Task goal> In the records below, take the line containing "2、進入到控制面板頁面,點擊查看方式下拉框選擇大圖標進入即可。" and reproduce it and every subsequent line exactly, adding nothing.

*** Opening of Material provided ***

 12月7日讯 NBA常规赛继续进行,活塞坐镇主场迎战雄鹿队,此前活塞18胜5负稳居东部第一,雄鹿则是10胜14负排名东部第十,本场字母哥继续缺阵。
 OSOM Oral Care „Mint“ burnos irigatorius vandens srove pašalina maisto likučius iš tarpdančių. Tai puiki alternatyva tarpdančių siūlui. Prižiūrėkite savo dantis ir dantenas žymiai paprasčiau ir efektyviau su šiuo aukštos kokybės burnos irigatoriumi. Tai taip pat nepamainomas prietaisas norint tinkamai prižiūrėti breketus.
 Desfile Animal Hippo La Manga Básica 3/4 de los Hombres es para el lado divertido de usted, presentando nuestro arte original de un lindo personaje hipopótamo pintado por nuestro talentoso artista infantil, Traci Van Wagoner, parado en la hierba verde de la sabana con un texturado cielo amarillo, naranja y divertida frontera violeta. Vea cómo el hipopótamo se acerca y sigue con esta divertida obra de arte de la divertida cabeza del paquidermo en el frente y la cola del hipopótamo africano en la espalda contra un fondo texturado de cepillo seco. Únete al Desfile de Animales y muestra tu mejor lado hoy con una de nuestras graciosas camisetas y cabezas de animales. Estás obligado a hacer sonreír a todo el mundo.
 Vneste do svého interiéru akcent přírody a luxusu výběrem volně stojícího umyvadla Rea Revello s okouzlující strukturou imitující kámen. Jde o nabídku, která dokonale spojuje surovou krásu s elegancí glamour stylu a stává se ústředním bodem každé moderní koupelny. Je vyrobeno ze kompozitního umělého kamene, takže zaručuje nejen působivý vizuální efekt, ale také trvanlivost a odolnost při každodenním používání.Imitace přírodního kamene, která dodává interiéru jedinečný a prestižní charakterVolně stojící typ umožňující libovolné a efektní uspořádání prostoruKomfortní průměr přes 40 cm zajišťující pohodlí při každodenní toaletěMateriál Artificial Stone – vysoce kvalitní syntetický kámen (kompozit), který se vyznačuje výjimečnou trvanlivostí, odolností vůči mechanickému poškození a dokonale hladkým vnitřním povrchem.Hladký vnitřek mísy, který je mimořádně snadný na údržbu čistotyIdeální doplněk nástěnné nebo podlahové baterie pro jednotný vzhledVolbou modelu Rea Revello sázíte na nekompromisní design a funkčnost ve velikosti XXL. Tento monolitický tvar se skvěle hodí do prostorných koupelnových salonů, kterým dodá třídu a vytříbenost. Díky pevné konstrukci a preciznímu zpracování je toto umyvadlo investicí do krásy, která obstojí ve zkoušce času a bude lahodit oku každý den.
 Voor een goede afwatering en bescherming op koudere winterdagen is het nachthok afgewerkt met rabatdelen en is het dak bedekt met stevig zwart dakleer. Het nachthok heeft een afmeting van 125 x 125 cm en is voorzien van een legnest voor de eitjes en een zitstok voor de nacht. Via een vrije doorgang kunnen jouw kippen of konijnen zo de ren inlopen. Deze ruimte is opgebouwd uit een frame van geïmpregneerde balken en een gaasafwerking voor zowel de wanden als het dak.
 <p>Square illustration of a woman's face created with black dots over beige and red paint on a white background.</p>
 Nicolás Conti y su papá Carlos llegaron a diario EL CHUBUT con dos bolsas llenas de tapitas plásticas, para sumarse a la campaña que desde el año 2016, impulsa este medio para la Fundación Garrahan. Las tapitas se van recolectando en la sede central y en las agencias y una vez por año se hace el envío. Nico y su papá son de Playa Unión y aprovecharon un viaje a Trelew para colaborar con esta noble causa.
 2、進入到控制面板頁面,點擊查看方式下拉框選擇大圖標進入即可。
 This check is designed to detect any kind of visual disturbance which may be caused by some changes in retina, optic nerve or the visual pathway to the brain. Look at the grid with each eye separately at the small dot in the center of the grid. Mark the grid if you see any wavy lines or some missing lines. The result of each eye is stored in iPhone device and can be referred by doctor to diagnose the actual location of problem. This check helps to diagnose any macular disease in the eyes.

*** Close of Material provided ***

Result for this task>
 2、進入到控制面板頁面,點擊查看方式下拉框選擇大圖標進入即可。
 This check is designed to detect any kind of visual disturbance which may be caused by some changes in retina, optic nerve or the visual pathway to the brain. Look at the grid with each eye separately at the small dot in the center of the grid. Mark the grid if you see any wavy lines or some missing lines. The result of each eye is stored in iPhone device and can be referred by doctor to diagnose the actual location of problem. This check helps to diagnose any macular disease in the eyes.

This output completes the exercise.